* **What to do**
Exactly and only the lines below from the one containing "35 NG 84447 54128 33m byre dwelling" down to the one containing "The lower levels" are wanted, both included; please exclude every picture.

* **Data shown**
BEGIN

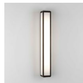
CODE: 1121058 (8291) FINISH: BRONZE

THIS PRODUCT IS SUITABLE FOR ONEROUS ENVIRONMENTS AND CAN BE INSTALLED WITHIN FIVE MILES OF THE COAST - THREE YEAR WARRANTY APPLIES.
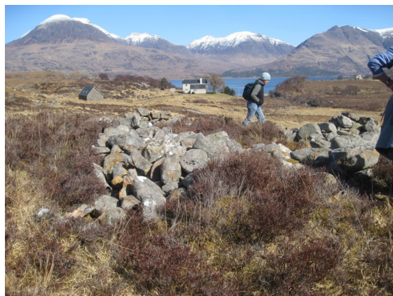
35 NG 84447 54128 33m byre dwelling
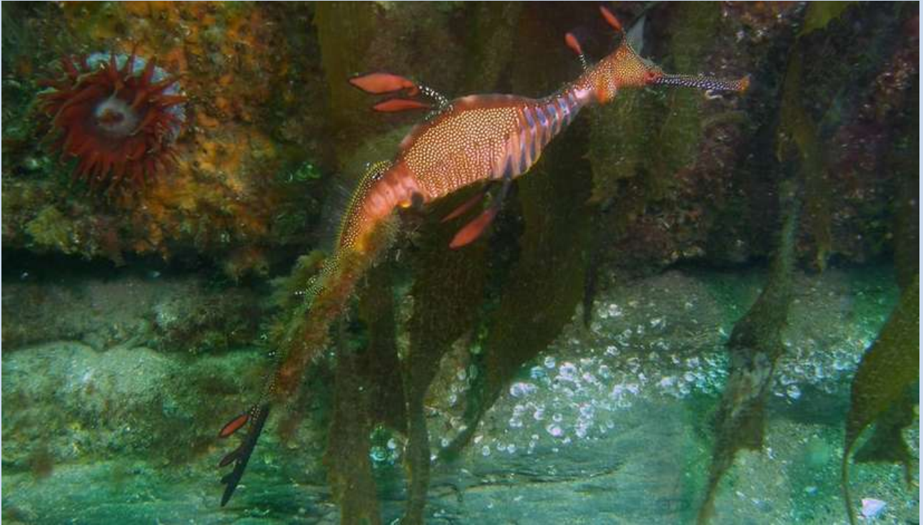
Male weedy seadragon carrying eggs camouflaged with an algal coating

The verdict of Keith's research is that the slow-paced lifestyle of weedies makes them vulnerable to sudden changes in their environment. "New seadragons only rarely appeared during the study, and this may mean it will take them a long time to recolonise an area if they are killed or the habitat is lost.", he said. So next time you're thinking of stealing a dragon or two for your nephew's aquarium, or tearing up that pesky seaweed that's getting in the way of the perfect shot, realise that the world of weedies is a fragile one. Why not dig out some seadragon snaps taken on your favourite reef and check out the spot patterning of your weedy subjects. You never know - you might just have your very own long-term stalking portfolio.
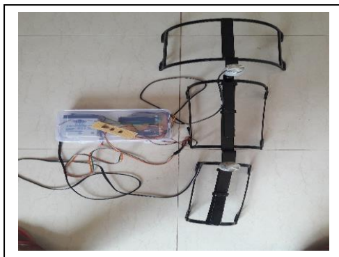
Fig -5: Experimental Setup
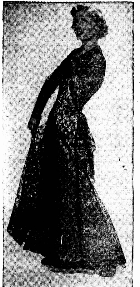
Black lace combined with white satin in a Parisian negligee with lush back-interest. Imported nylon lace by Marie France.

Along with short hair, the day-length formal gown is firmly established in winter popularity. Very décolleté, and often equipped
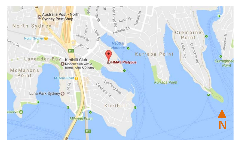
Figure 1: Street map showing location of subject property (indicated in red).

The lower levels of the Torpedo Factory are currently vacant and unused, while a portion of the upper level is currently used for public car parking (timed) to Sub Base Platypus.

END
BEGIN

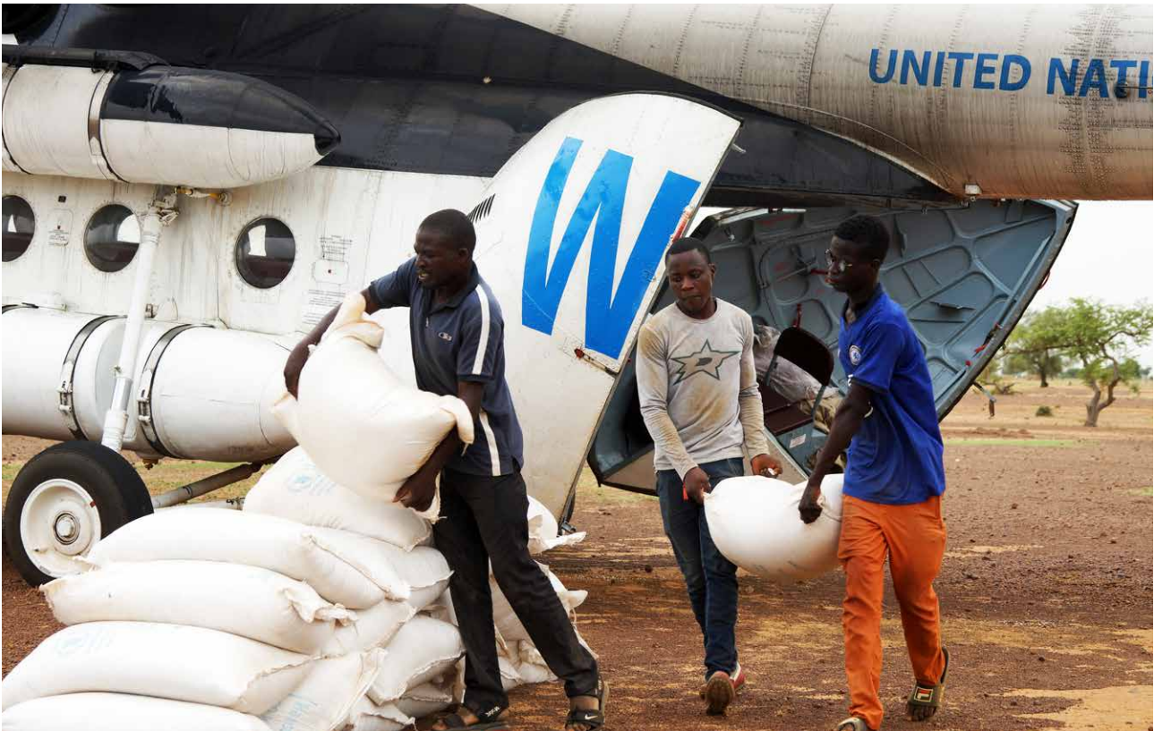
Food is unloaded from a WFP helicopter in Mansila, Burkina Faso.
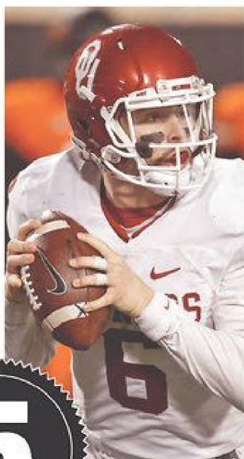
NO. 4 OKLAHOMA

END
BEGIN

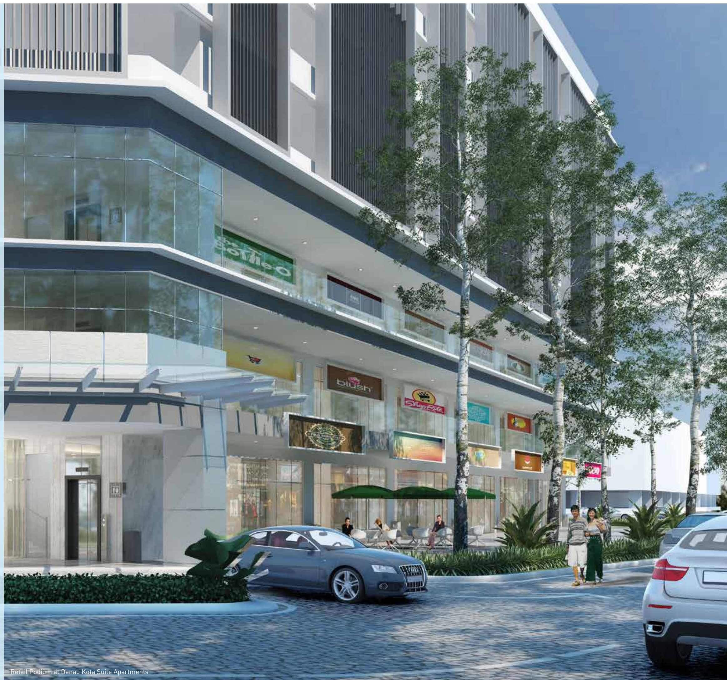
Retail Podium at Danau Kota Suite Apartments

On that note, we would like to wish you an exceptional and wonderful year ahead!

END

* **Completed exercise**
35 NG 84447 54128 33m byre dwelling
Male weedy seadragon carrying eggs camouflaged with an algal coating

The verdict of Keith's research is that the slow-paced lifestyle of weedies makes them vulnerable to sudden changes in their environment. "New seadragons only rarely appeared during the study, and this may mean it will take them a long time to recolonise an area if they are killed or the habitat is lost.", he said. So next time you're thinking of stealing a dragon or two for your nephew's aquarium, or tearing up that pesky seaweed that's getting in the way of the perfect shot, realise that the world of weedies is a fragile one. Why not dig out some seadragon snaps taken on your favourite reef and check out the spot patterning of your weedy subjects. You never know - you might just have your very own long-term stalking portfolio.
Fig -5: Experimental Setup
Black lace combined with white satin in a Parisian negligee with lush back-interest. Imported nylon lace by Marie France.

Along with short hair, the day-length formal gown is firmly established in winter popularity. Very décolleté, and often equipped
Figure 1: Street map showing location of subject property (indicated in red).

The lower levels of the Torpedo Factory are currently vacant and unused, while a portion of the upper level is currently used for public car parking (timed) to Sub Base Platypus.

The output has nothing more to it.